Bristol-Myers Squibb and Sanofi-Aventis took a beating on Friday after news unraveled that the firms' tie-up with Canadian generics firm Apotex to prevent a copycat version of the clotbuster Plavix (clopidogrel) from being launched before its patent expiry in 2011 had been knocked back by all 50 state attorneys. It's a double blow for the firms, which also announced a criminal probe into the deal by the Department of Justice last week.

Earlier this year, B-MS and Sanofi-Aventis joined forces with Apotex - against which they had previously filed suit for infringement of Plavix' patent ahead of its expiry in November 2011 - under an agreement whereby the Canadian firm would agree not to launch a rival version before this time in return for an undisclosed sum - believed to be an upfront payment of $40 million.

However, the companies were forced to revise this agreement after the Federal Trade Commission voiced its concerns over anti-competitiveness amid a general air of jitteriness that such deals strike out at the generics medicines market. Apotex won the green light of first-to-file approval for its copycat form of Plavix in January and, should the link up with the two pharma giants not go ahead, it could launch any time at its own risk - but clearly could be forced to pay millions back should it lose a litigation case. The first-to-file status gives it 180-days market exclusivity.

Although an earlier announcement from B-MS and Sanofi-Aventis gave a nod to the fact that “there was significant risk that required antitrust clearance would not be obtained,” the decision is still likely to have a negative impact on their respective share prices, with the US giant seeing 2.3% shaved off during after hours trading on the New York Stock Exchange Friday after an 8% fall the day before.

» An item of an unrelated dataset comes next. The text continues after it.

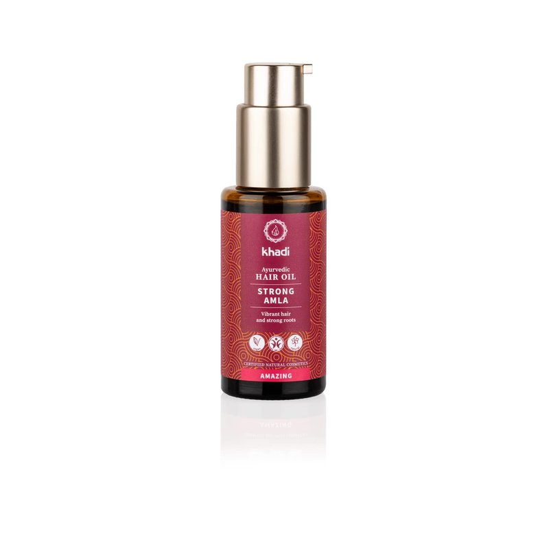 khadi Strong Amla Ayurvedic Scalp and Hair Oil - for healthy, strong and shiny hair from root to tip. Strong Amla nourishes your roots with vital nutrients and strengthens them for a long-lasting effect. Feel how the khadi hair oil gently coats every single strand of hair and strengthens your hair from within. Enjoy the deep conditioning experience and enjoy lush, strong hair, because a healthy scalp and strong roots are essential for beautiful hair. The secret of khadi Strong Amla Scalp and Hair Oil is the magical power of the khadi elixir: selected Indian medicinal plants are traditionally boiled down gently over an open fire according to millennia-old Ayurvedic recipes. This herbal extract, rich in active ingredients, strengthens the hair roots and hair structure. Ayurvedic medicinal plants such as Amla and Brahmi are also used to prevent premature graying: melanin production is stimulated and the hair maintains its natural color. Do you have normal hair and want more strength and volume? Do you want to keep your natural hair color for as long as possible? Would you like to have strong roots and vibrant, shiny hair? Then Strong Amla is perfect for you! Did you know that in Ayurveda, scalp and hair oil has been used for millennia as a deep conditioning hair treatment? Hair oil builds the hair from within. So the hair not only "seems" to be healthy, it shows its natural beauty and healthy strength.

B-MS and Sanofi-Aventis are still awaiting the FTC's decision, but the agreement requires the thumbs up from both the Commission and the state attorney to be cleared. The pharma majors had filed suit against three generics firms looking to launch their Plavix offerings onto the market and it looks likely these could be reinstated, unless a new deal is hashed out that proves more palatable to lawyers and the FTC. However, the original trial date was put on hold when B-MS and Sanofi-Aventis were asked to review their settlement deal with Apotex, and a new date has not yet been set.

In the second quarter of 2006 alone, Plavix broke the $1 billion barrier, bringing $1.1 billion into B-MS' coffers. To lose the world's second biggest drug ahead of patent expiry could add have extensive material effects on the companies' forecasts, particularly B-MS which has just turned the corner of one tumultuous period in its history and last week was looking forward to "a period of sustained sales and earnings growth over several years, beginning 2007," with new product revenues outweighing dramatic losses for several drugs, including its once top-seller Pravachol (pravastatin).